A production line is filling cans of nuts. The label says that the net weight of the can is 16 oz. If the net weight of a can of nuts follows a normal distribution with mean 16.4 oz. and standard deviation of 0.3 oz, what percentage of the cans of nuts will weigh less than the label claims?

5.8%

12.5%

9.2%

2.6%

Answer 1

`P(X<16)=P(\\frac{X-\mu}{\sigma}<(16-\mu)/(\sigma))=P(Z<(16-16.4)/(0.3))=P(Z<-1.33)`

And we can find this probability on this way using the z table or excel:

`P(Z<-1.33)=0.0917`

And that represent approximately 9.2% of the data.

Explanation:

Previous concepts

Normal distribution, is a "probability distribution that is symmetric about the mean, showing that data near the mean are more frequent in occurrence than data far from the mean".

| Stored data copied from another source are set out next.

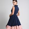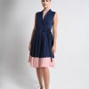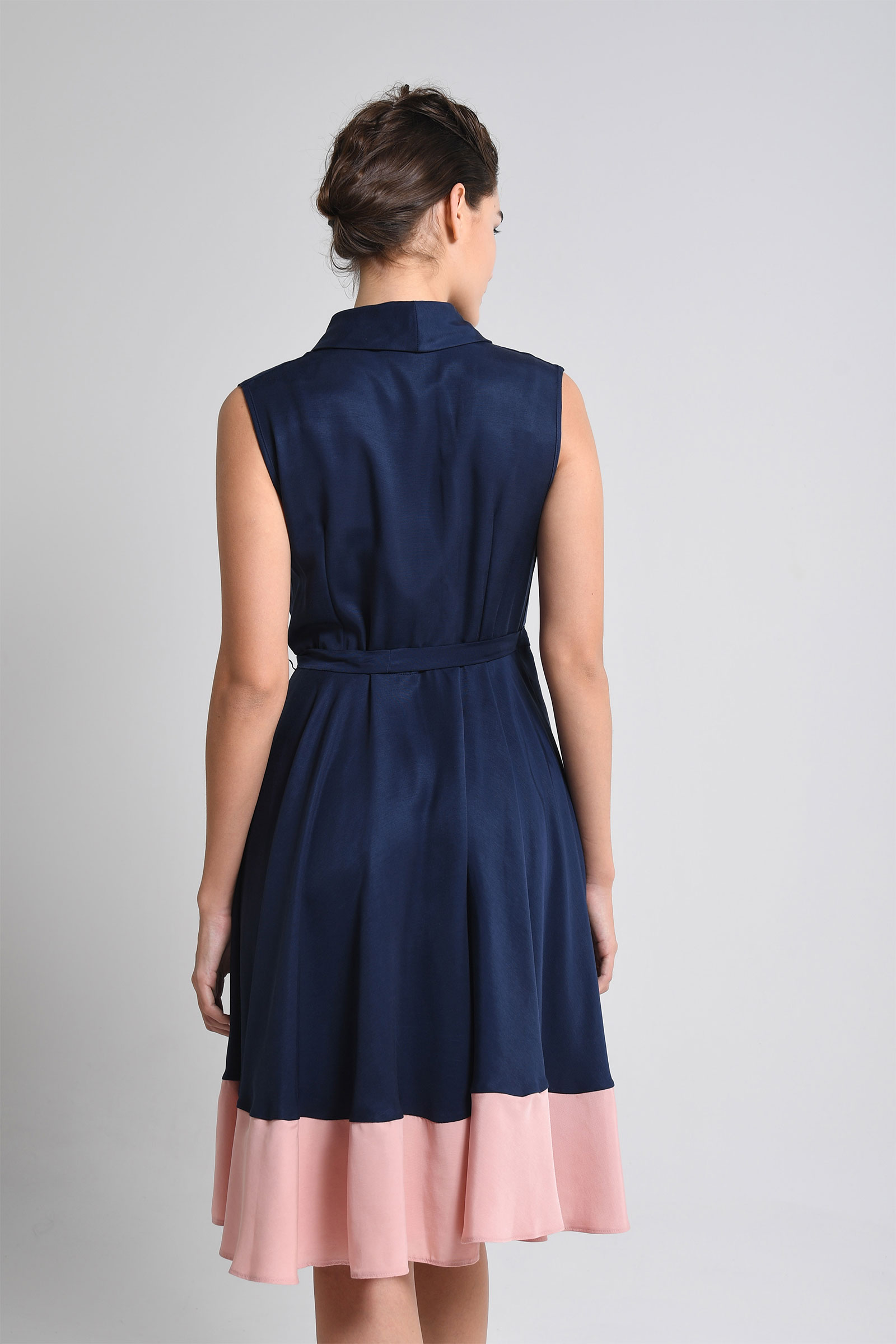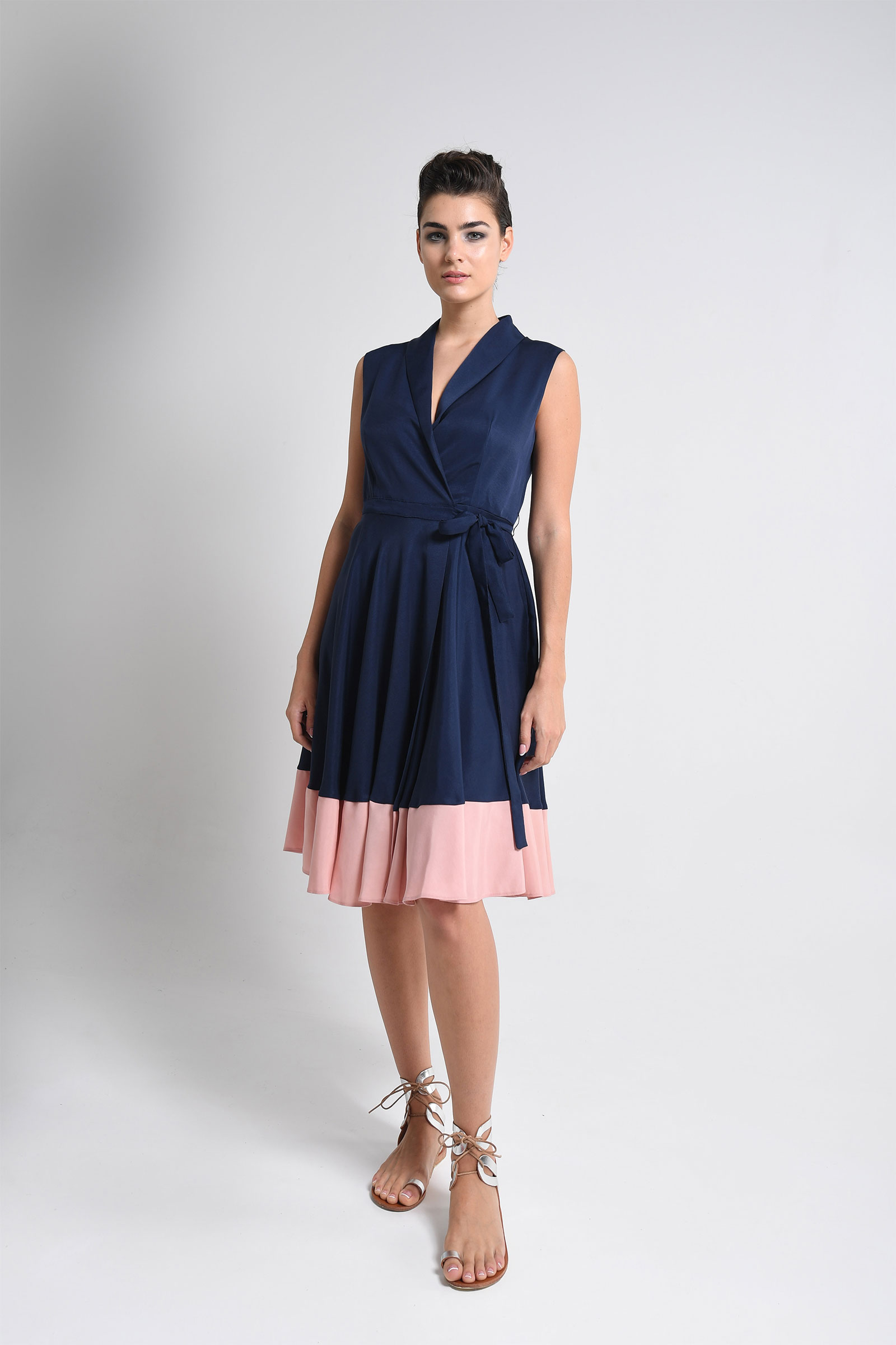 Robe portefeuille avec  bord côte couleur contraste et ceinture dans la même matière.
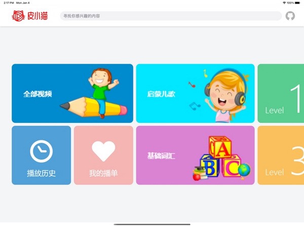1、皮小猫从认知层次和语言难度等维度将英语动画和视频分为4个Level
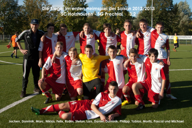 Samstag, der 13.Oktober war es soweit. Für alle überraschend, war an diesem Tag die Disziplin, mit der die Mannschaft der SG Prechtal Paroli bot, beispielhaft. Alle hielten ihre Positionen, bewahrten Ruhe im Spiel und Abspiel und waren von einer nicht gekannten Laufbereitschaft. So hatten wir nach mehr als einer halben Stunde immer noch kein Gegentor, was zu diesem Zeitpunkt Rekord war. Keiner war unaufmerksam und sollte doch ein Spieler der SG Prechtal an seinem Gegenspieler vorbeikommen, war ein Spieler des SC Holzhausen, da, und half. Das Mittelfeld rückte fast immer nach und so waren die Räume für unsere Gegner sowieso eng. Was aber ganz anders zu allen bisherigen Spielen war, die Mannschaft spielte nach vorne. Es wurden keine blinden Pässe nach vorne gedroschen, nein, man sucht den Mitspieler und hatte mehr als einmal klasse Kombinationen, vor allem über die Außen.
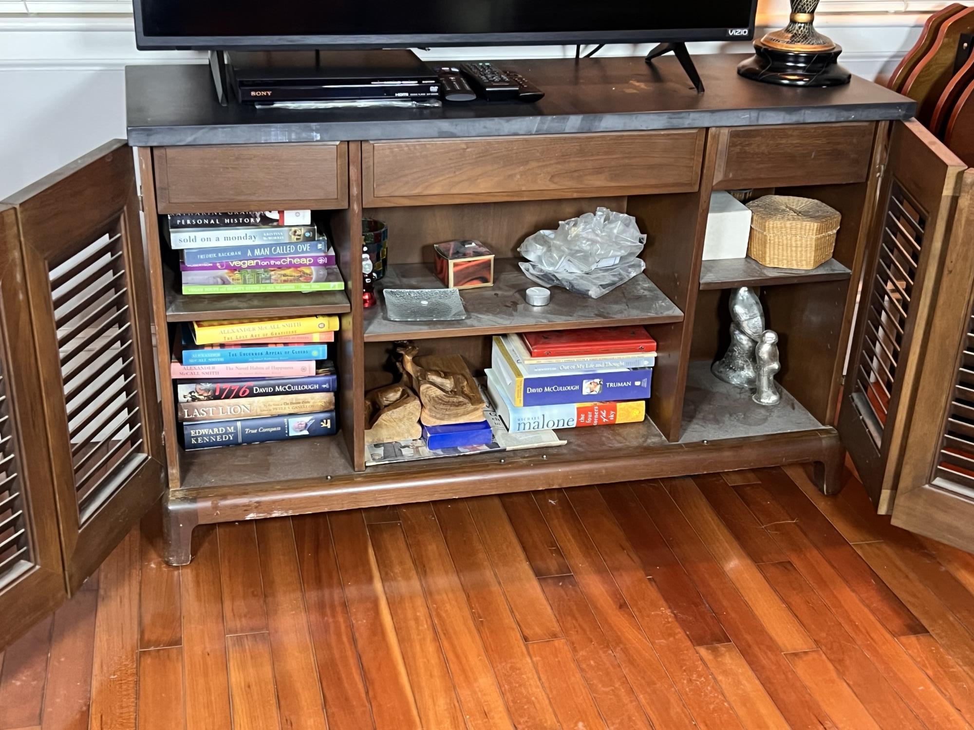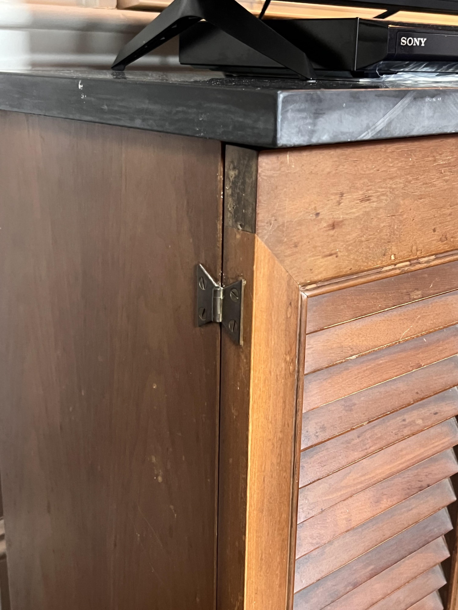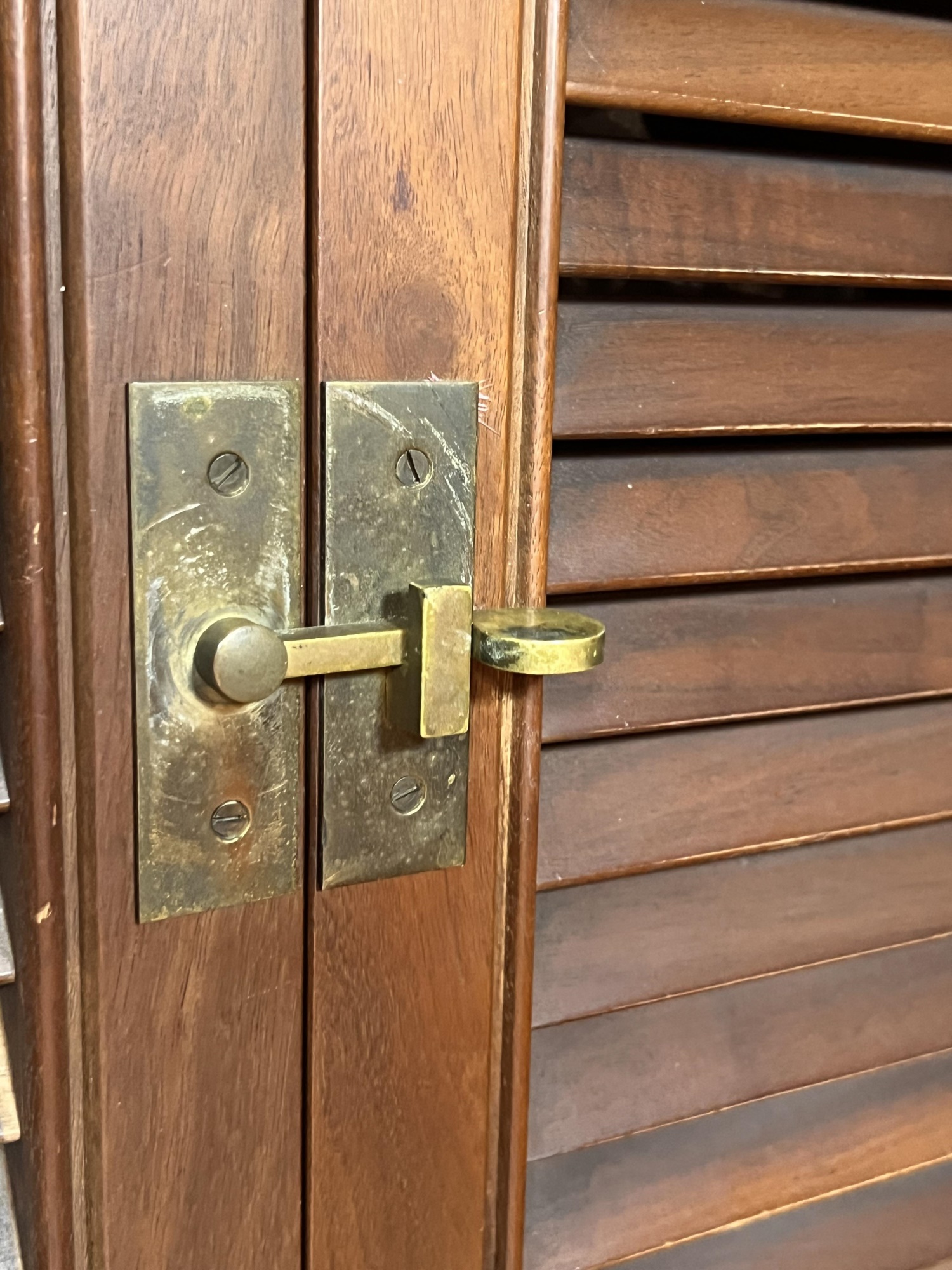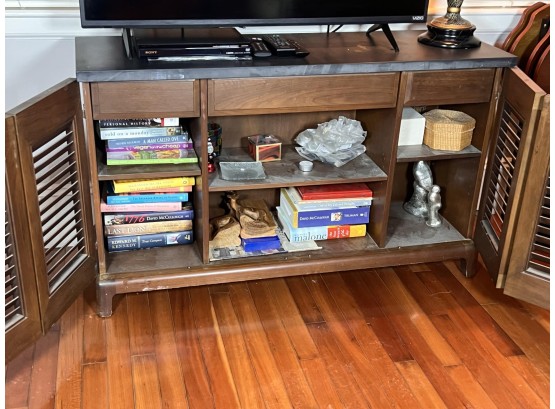 With shutter doors. 26 1/4 x 43 3/4 x 14 inches Condition: Wear consistent with age and use
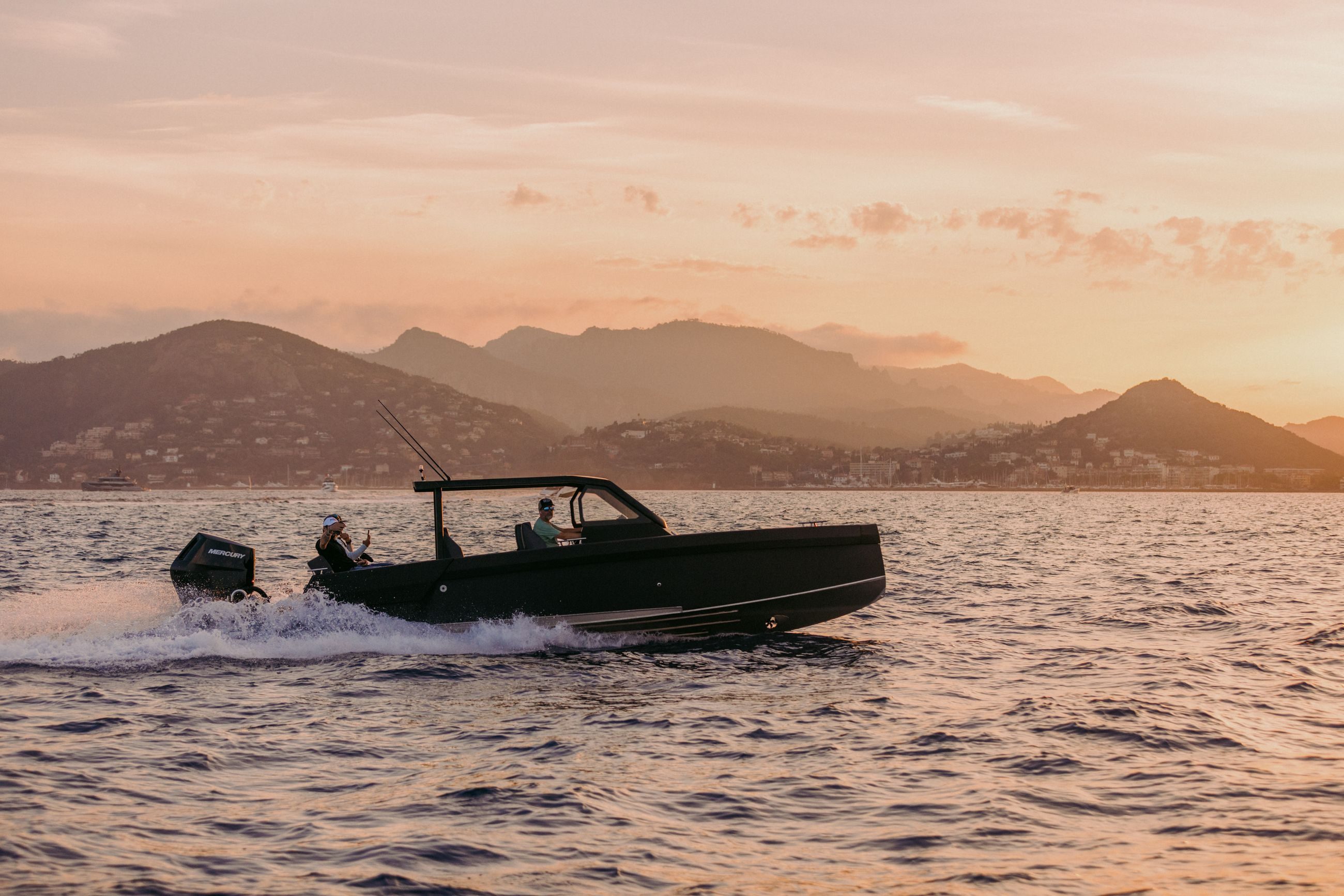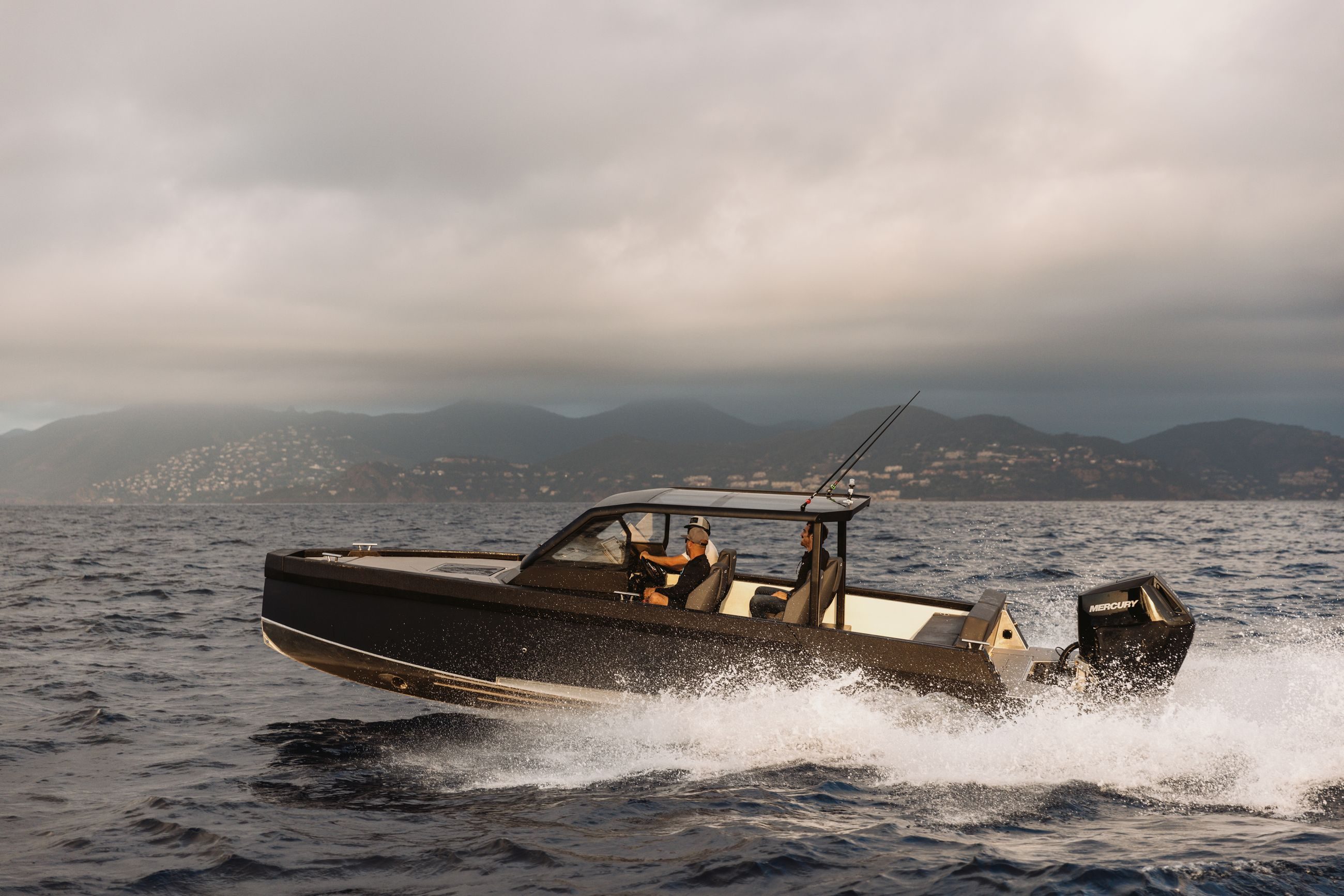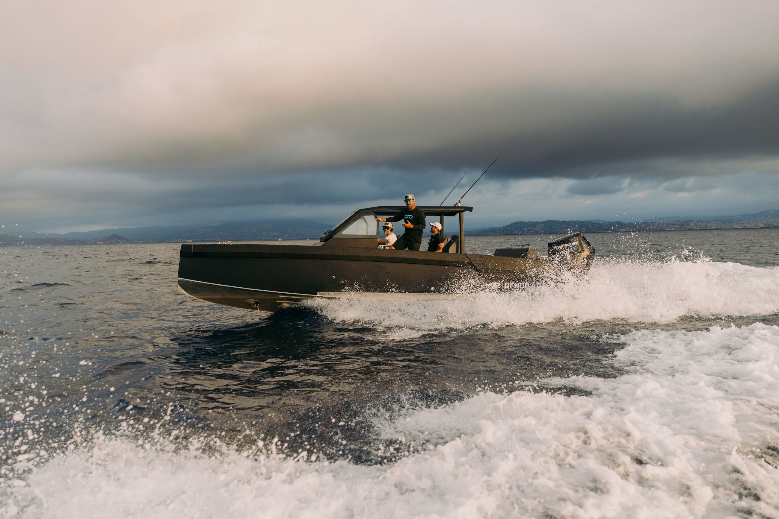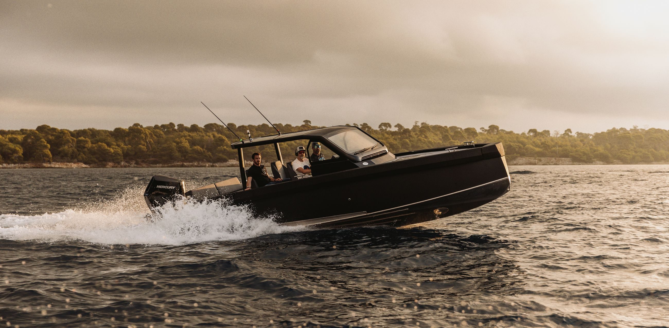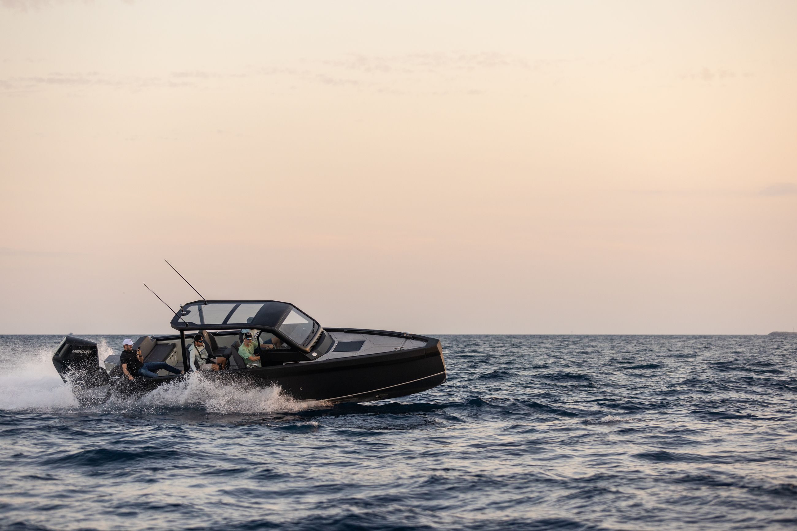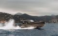 Båten kan utstyres med 2×225 hk og 1×400 V10, som når opp til +50 knop i fart.

The Z-score is "a numerical measurement used in statistics of a value's relationship to the mean (average) of a group of values, measured in terms of standard deviations from the mean".

Solution to the problem

Let X the random variable that represent the weigths of the cans of a population, and for this case we know the distribution for X is given by:

`X \sim N(16.4,0.3)`

Where
`\mu=16.4` and
`\sigma=0.3`

We are interested on this probability

`P(X<16)`

And the best way to solve this problem is using the normal standard distribution and the z score given by:

`z=(x-\mu)/(\sigma)`

If we apply this formula to our probability we got this:

`P(X<16)=P((X-\mu)/(\sigma)<(16-\mu)/(\sigma))=P(Z<(16-16.4)/(0.3))=P(Z<-1.33)`

And we can find this probability on this way using the z table or excel:

`P(Z<-1.33)=0.0917`

And that represent approximately 9.2% of the data.